I just finished cleaning away all existing ‘error’ and ‘warning’ level issues in our codebase so that the ‘shellcheck’ CI step can be really strict on code quality.

[+] arcade79|6 years ago|reply
Subject of the post is wrong. This is a common mistake between the user and whichever shell the user is using, not the user and the command itself.

The find command works exactly as expected.

[+] thunderbong|6 years ago|reply
Phew! I'm glad I've been hitting the "Happy Case" scenario all these years!

Very useful article. And very informative.

Summary:

Instead of -

  find . -name *.jpg

Use quotes around pattern i.e.

  find . -name '*.jpg'

Edit: Oops, the double-quotes should have been single quotes! Thanks, @lucd. Happy case, like I said!
[+] lucd|6 years ago|reply
Wildcards are still expanded inside double quotes.. Yiu have to use single quotes.
[+] mynegation|6 years ago|reply
Common? Yes. Simple enough to stop doing this mistake after two times? Also yes. One you internalize in which case shell is responsible for globbing and in which case command itself, it is pretty clear cut.
[+] vikinghckr|6 years ago|reply
`find` has one of the worst user experiences out of UNIX tools. I prefer to use `find . | grep foo` to find files.
[+] StreamBright|6 years ago|reply
Isn't this in the Unix hater manual? I never use -name without ''. I guess this is just muscle memory from early on when I run into this issue that in Unix *.py can mean very different things depending on where it gets resolved.
[+] madsbuch|6 years ago|reply
That was a lot of text to explain that one should be cautious of the wildcard expansion some shells provide.

Thanks! I would have jumped right in!

[+] joana035|6 years ago|reply
The title seems a bit off since shell expansions and arguments has nothing to do with the find command.

Both features are also often covered in entry level material for introduction to shell.

[+] shmageggy|6 years ago|reply
Well it seems the root of the problem is

> * Most importantly, the 'find' command uses a different algorithm than shell globbing does when matching wildcard characters.
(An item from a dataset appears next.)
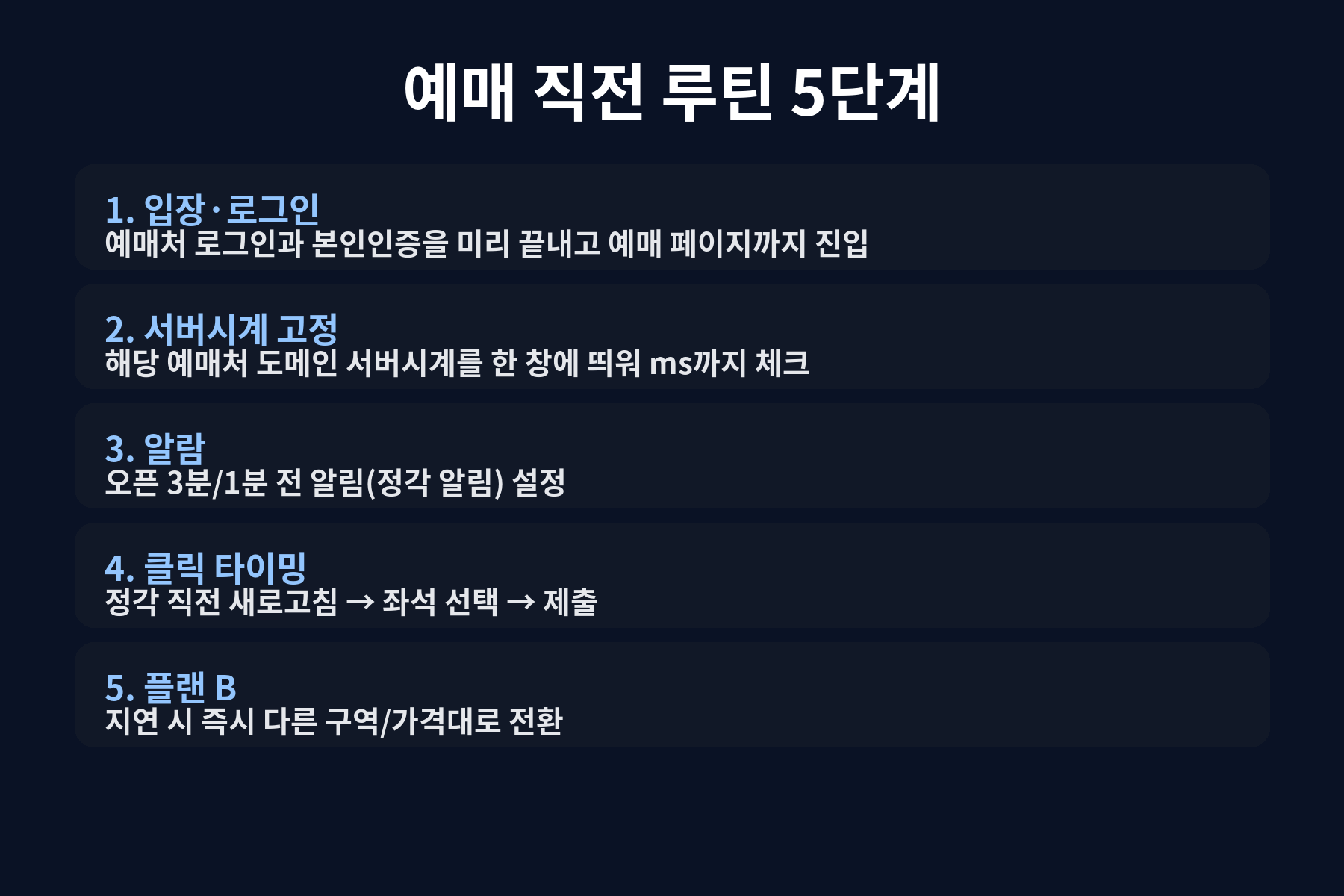 팁: 예매 직전에는 한 가지 시계를 고정해서 보세요(탭을 여러 개 띄우면 시차 보정 체감이 달라질 수 있음).

More specifically, the find command will apply the search pattern against the base of the file name with all leading directories removed. This is contrasted from shell globbing which will expand the wildcard between each path component separately. When no path components are specified, the wildcard will match only files in the current directory.*

So there does seem to be a `find` specific issue here

[+] umanwizard|6 years ago|reply
Most commands don’t accept the shell-like wildcard `*` as part of their command syntax; find does. That’s the connection.
[+] siddharthgoel88|6 years ago|reply
It is just awesome that I stumbled upon this post. I remember previously I had faced similar issue while running a command like

  find . -name *.gradle | blah blah 
Instead of finding the root cause, I by-passed it by

  find . | grep "\.gradle" | blah blah
It just feels great to now connect the dot and know the real reason for the issue.
[+] sys_64738|6 years ago|reply
find . -name \*.jpg

This is pretty elementary which any seasoned Linux person should know.

[+] jancsika|6 years ago|reply
> You can type: man glob

Translation: you cannot type "man" followed by an asterisk because that would have required forethought in how one learns a programming language.

Argle: Hey Bargle, is that new bridge built to spec?

Bargle: It's like I always say, man: good enough for shell script manual operator discoverability.

Argle: Yeah, you're always saying that...